Implications for blood-brain-barrier permeability, in vitro oxidative stress and neurotoxicity potential induced by mesoporous silica nanoparticles: effects of surface modification

MSNs are shown to have the potential to overcome the BBB and cause neuronal damage. However, the neurotoxicity potential could be mediated with surface modification.

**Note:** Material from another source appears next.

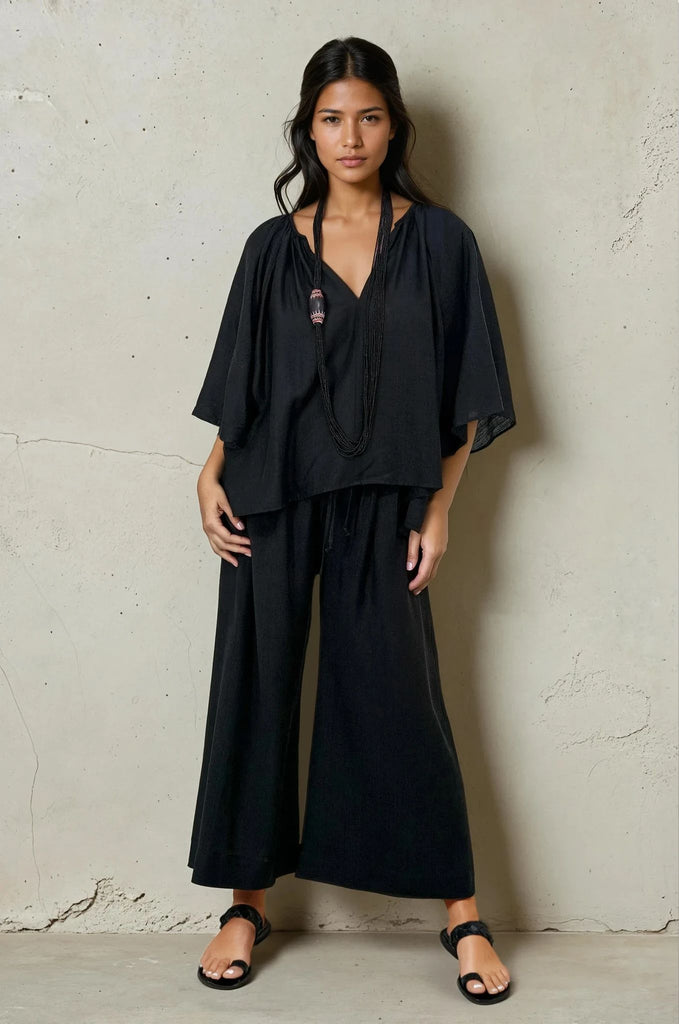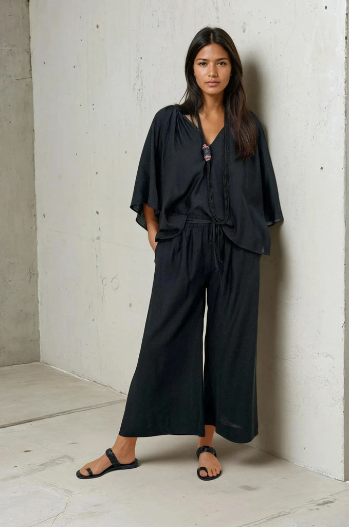 Wonderfully comfortable with beautiful drape, our Black Cropped Pull On Pants ensure both style and comfort while the extra wide leg makes for a statement silhouette. Sleek side pockets, 2 back pockets and an elasticated, mid to low rise waistband ensure these rayon/silk blend pants are super flattering. These pants have the comfort of loungewear, but the silhouette ensures the polished appearance of daywear. We love the cropped length to show off your ankles & the double matching fabric drawstring belt. Pair with our matching Black Lazie Top & finish off your look with our Black Plaited Sandals & Black Multi Strand Bead Necklace.

The increase in the abundance and practical applications of nanomaterials has led to growing concern over the potential adverse effects of nanoparticles on human health. Their unique structure makes mesoporous silica nanoparticles (MSNs) an ideal platform for developing multifunctional nanocarriers, including non-viral gene delivery in the central nervous system (CNS). However, the potential neurotoxicity of the MSNs remains largely unclear. In this study, we explored the biological effect of MCM-41 type MSNs on blood-brain-barrier (BBB) permeability, neuronal damage, and the mediation of neurotoxicity with surface chemistry. With or without the ligand transferrin (Tf), which could interact with the transferrin receptor expressed at the BBB, in vivo imaging indicated that both MSN–Cy–Tf and MSN–Cy may enter into the brain, suggesting their potential to deliver therapeutic agents across the BBB. However, a risk arises that is associated with this permeability. A histological observation of the hippocampus confirms the CNS delivery of MSNs and indicates neuronal damage, characterized by neuronal cell loss, nuclei shrinkage, and the disintegration of neurons, suggestive of in vivo neurotoxicity. With the PC12 cell, a model for the dopaminergic neuron, an in vitro examination suggests that various surface modified MSNs decrease the cell viability and cause oxidative stress with an elevation of reactive oxygen species (ROS), a depletion of glutathione (GSH), leakage of lactate dehydrogenase (LDH), and the generation of malondialdehyde (MDA) in a concentration-dependent manner. Compared with the pristine MSNs which induce the severest injury impact on the cells, thiol modified MSN–SH nanoparticles show significantly lower injury effects among the test MSNs, suggesting the possibility to mediate the neurotoxicity by modifying the surface chemistry of this kind of the nanomaterial for biomedical applications.